-
Notifications
You must be signed in to change notification settings - Fork 2.6k
Open
Labels
core[Component] This issue is related to the core interface and implementation[Component] This issue is related to the core interface and implementation
Description
Is your feature request related to a problem? Please describe.
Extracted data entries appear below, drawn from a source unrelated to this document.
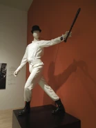 В фильме же Алекс, во время похождений со своими друзьями, был одет в белые штаны, рубашку (с необычными запонками в виде окровавленных глазных яблок), гульфик "песочница" (который в киноверсии представлял из себя отдельный элемент одежды и надевалась поверх штанов) на подтяжках, берцы и котелок. Также на правом глазу ДеЛарж носил накладную ресницу. Иногда Алекс носил маску, похожую на маску чумных докторов, только без рта. Нос в этой маске был стилизован под мужской половой орган.
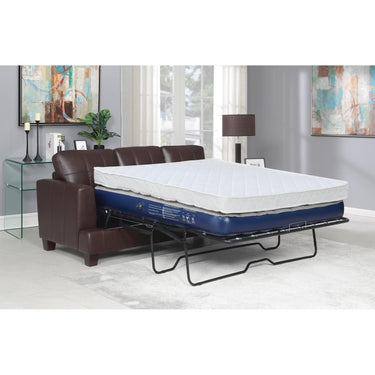 All the earmarks of a classic join in this singular sofa sleeper. ideal for a multi-purpose living space, this elegant piece adds a delightful touch as an anchor for a seating ensemble or a standalone unit. premium breathable leatherette in beautiful dark brown is both versatile and dramatic. charming tufting on its back cushions and track arms adds a stylish touch. with coordinating cappuccino finish legs, its bold aesthetic makes a perfect choice for a central space.
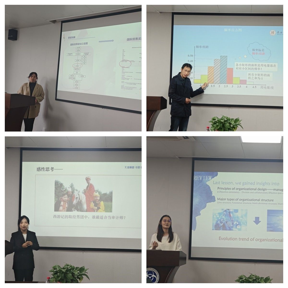 为给青年教师提供了一个展示才华、相互促进、共同提高的平台,2024年11月21日下午,公司在文澜楼1329会议室举行了第十六届青年教师教学基本功大赛,共有4名青年教师参加了比赛。丁越兰、沈剑、刘杰三位有丰富教学经验的老师担任评委。

Yes. The existing ContextFilterPlugin only keeps N invocations but doesn't consider:
- Actual Token Count: It only counts invocations, not actual tokens. A single invocation with a large tool response could exceed context limits
- Relevance: It removes important context while keeping less relevant content based only on recency
- Context Window Pressure: No proactive management before hitting limits - it only filters after the fact
- No Token Awareness: Can't optimize for token efficiency when context is getting full
# ContextFilterPlugin keeps last 5 invocations
# But one invocation might have a 10k token tool response
# While another has just 100 tokens
# Result: Context exceeds limits even with only 5 invocations
Describe the solution you'd like
Enhance ContextFilterPlugin with token-aware and relevance-based filtering:
class SmartContextFilterPlugin(BasePlugin):
"""Intelligent context filtering based on tokens and relevance."""
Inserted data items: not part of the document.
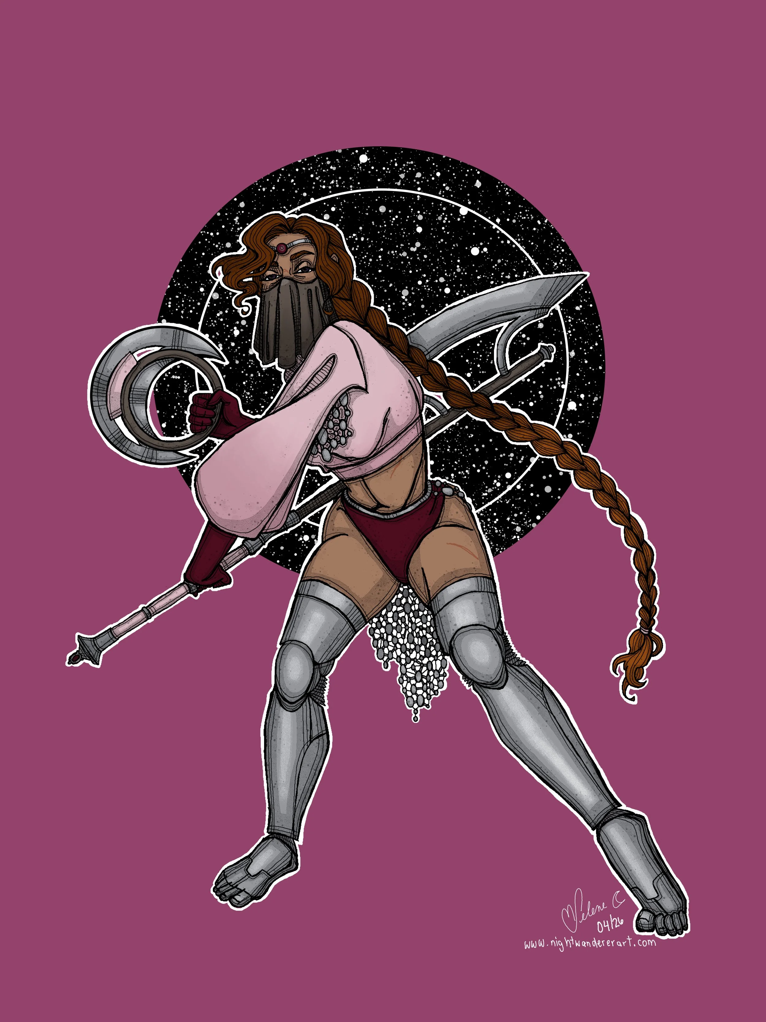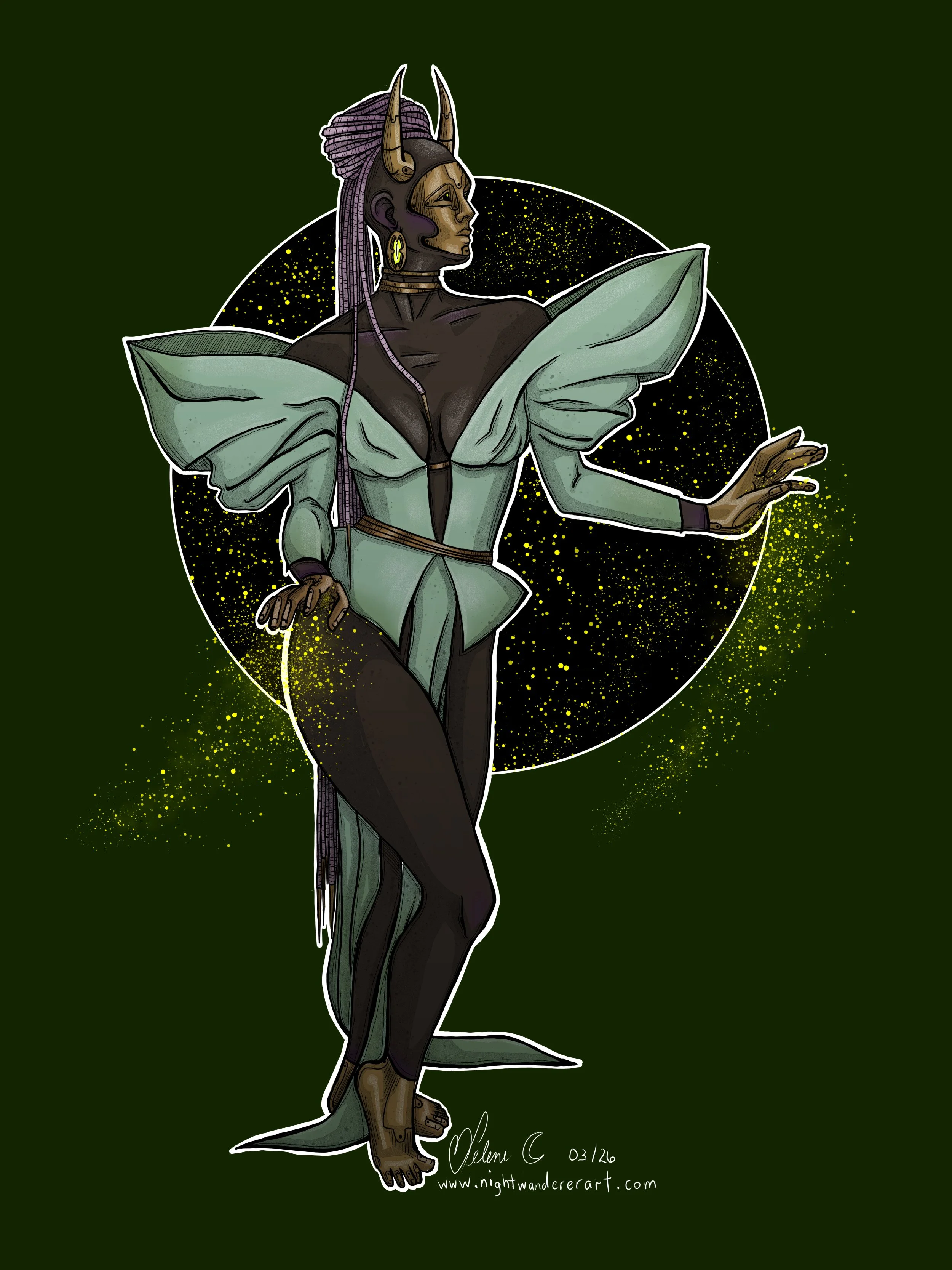 Backstory: Gironima was the daughter of a corporate CEO’s palace servant on one of the luxury worlds. She was a disobedient child who was regularly disciplined by house security and she was an equally difficult teenager. When it was rumoured that the CEO ordered for Gironima to be taken away to a convent of the Green God the servants conspired and quickly snuck Gironima into the underground sewer systems to live amongst other social rejects with no other options. By the age of nineteen, Gironima had developed an immaculate product line of beauty products and she confidently resurfaced for the first time in four years and surrendered herself to the CEO. Her beauty products rewarded her with a Small Merchant license, thanks to the support of much of the CEO’s harem. Gironima has not only continued to thrive with her beauty supply business, but she’s developed connections with members of the entourages of capitalists across the Galaxy and has managed to establish a business carefully hidden with her beauty supply business involving the selling of poisons to vengeful members of these entourages.
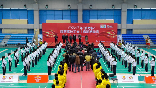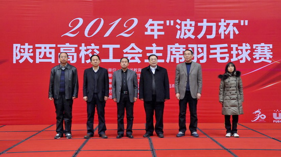 陕西高校工会主席2012年“波力杯”羽毛球赛于11月28日在我校体育馆隆重举行。省总工会副巡视员李岳文,省教育工会主席张敏,宝鸡文理学院党委书记、校长王志刚,宝鸡文理学院党委副书记、工会主席李全武,省教育工会副主席张朝维、李圣,宝鸡文理学院工会副主席张鹏出席开、闭幕式并为获奖运动员颁奖。开、闭幕式分别由省教育工会副主席张朝惟和李圣主持。
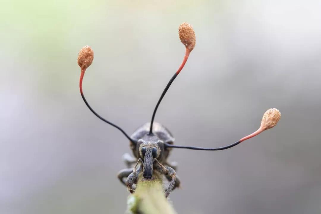 攝影師 Frank 在夜探秘魯亞馬遜熱帶雨林時(shí),發(fā)現(xiàn)了這只緊緊抓著蕨類(lèi)植物根部,長(zhǎng)相奇異的象鼻蟲(chóng)。它呆滯的眼睛顯示著它已經(jīng)死亡了,而從它軀干上長(zhǎng)出的三根觸角一樣的東西則是一種寄生在象鼻蟲(chóng)身上的真菌。
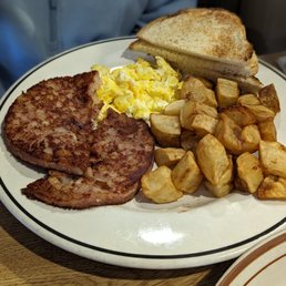 This place really hit the spot. The staff is really friendly and the food was great. The seating could almost pass for a 50s diner. I had the Denver Omelette, STUFFED with veggies, ham chunks and cheese. Almost didn't finish it. Country Fries was a little too done, but they were still good.
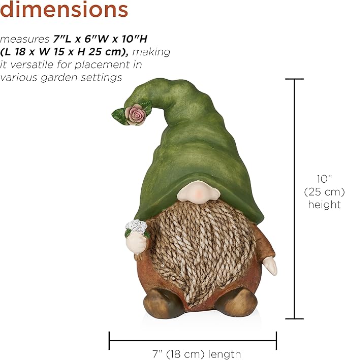 - IDEAL DIMENSIONS: With measurements of 7"L x 6"W x 10"H, this gnome statuary is a compact yet eye-catching feature for your outdoor space
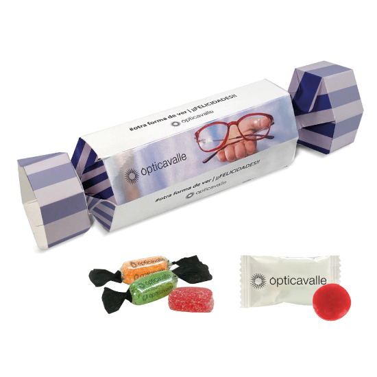 Cantidad mínima: 100 uds con caramelos estándar. Posibilidad de personalizar los caramelos a partir de 1.250 cajas.
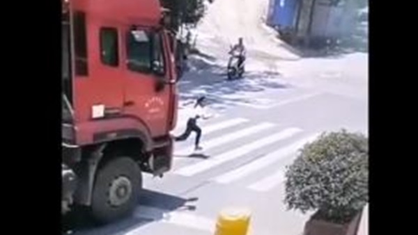 بالفيديو .. مغامر ينقذ فتاة من الدهس اسفل عجلات شاحنة
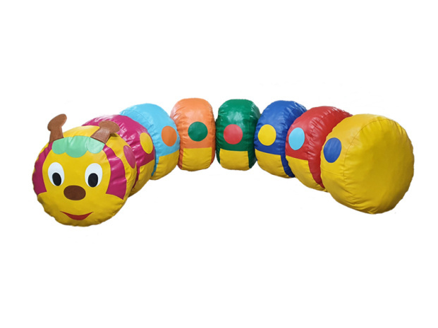 Игровой набор пуфиков «Гусеница» предназначен для сидения и игр, развивающих крупную моторику, способствующих сенсорному и познавательному развитию ребёнка: изучения цвета, счета и свойств поверхностей предметов.
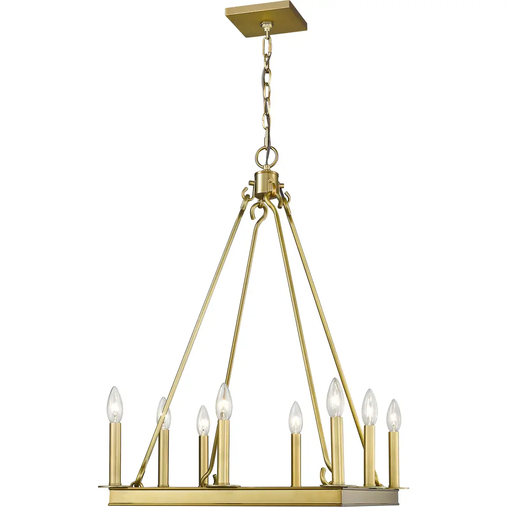 This stylish eight-light chandelier is a delightful addition to your home lighting. It's fashioned in a lustrous olde brass finish with the candle-inspired lights in a bold square design. This chandelier is designed to be a showpiece in your dining room, foyer, or kitchen.
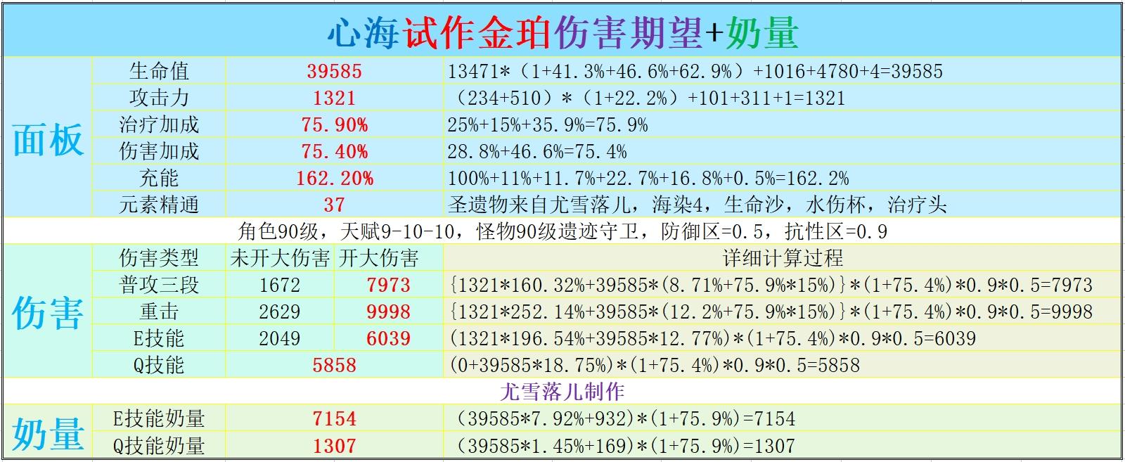 试作金珀:适合平民主C心海,伤害不如不灭乐华,但回能超不灭月华。被动回自己能量回全队血,回能与充能效率无关,但回血与治疗加成有关,其奶量=(对应角色生命值*恢复比)*(治疗加成+受治疗效果加成),治疗加成和受治疗效果加成在同一乘区。

max_context_tokens: int = 32000
relevance_threshold: float = 0.7
preserve_tool_results: bool = True
preserve_user_corrections: bool = True
use_embeddings: bool = True # For relevance scoring
warn_at_percent: float = 0.8 # Warn when 80% full- Token Counting: Monitor actual token count of context before each LLM call
- Proactive Pruning: When approaching
max_context_tokens, remove least relevant events first - Relevance Scoring: Use embeddings to score relevance of each event to current query
- Priority Preservation: Always preserve:
- Tool results (critical for agent reasoning)
- User corrections (important feedback)
- Recent events (within last N invocations)
- Early Warnings: Log warnings when context is 80% full
- Semantic Deduplication: Remove redundant information (e.g., repeated instructions)
Usage:
from google.adk.plugins import SmartContextFilterPlugin
from google.adk import App, Agent
app = App(
name="my_app",
root_agent=agent,
plugins=[
SmartContextFilterPlugin(
max_context_tokens=32000,
relevance_threshold=0.7,
preserve_tool_results=True
)
]
)Describe alternatives you've considered
-
Manual Context Management: Users manually manage context size:
- Requires constant monitoring
- Error-prone
- Doesn't scale
-
Fixed Invocation Count: Current approach of keeping N invocations:
- Doesn't account for token variance
- Can still exceed limits
- No relevance consideration
-
Post-Processing Filtering: Filter after context is built:
- Less efficient
- May remove context already sent to model
- Doesn't prevent hitting limits
Additional context
- Long-running conversations: Sessions that accumulate many turns
- Multi-agent systems: Shared context that needs optimization
- Cost-sensitive deployments: Need to maximize context efficiency
- Large tool responses: When tools return substantial data
Implementation Notes:
- Can extend existing
ContextFilterPluginor create new plugin - Requires token counting utility (can reuse from context cache manager)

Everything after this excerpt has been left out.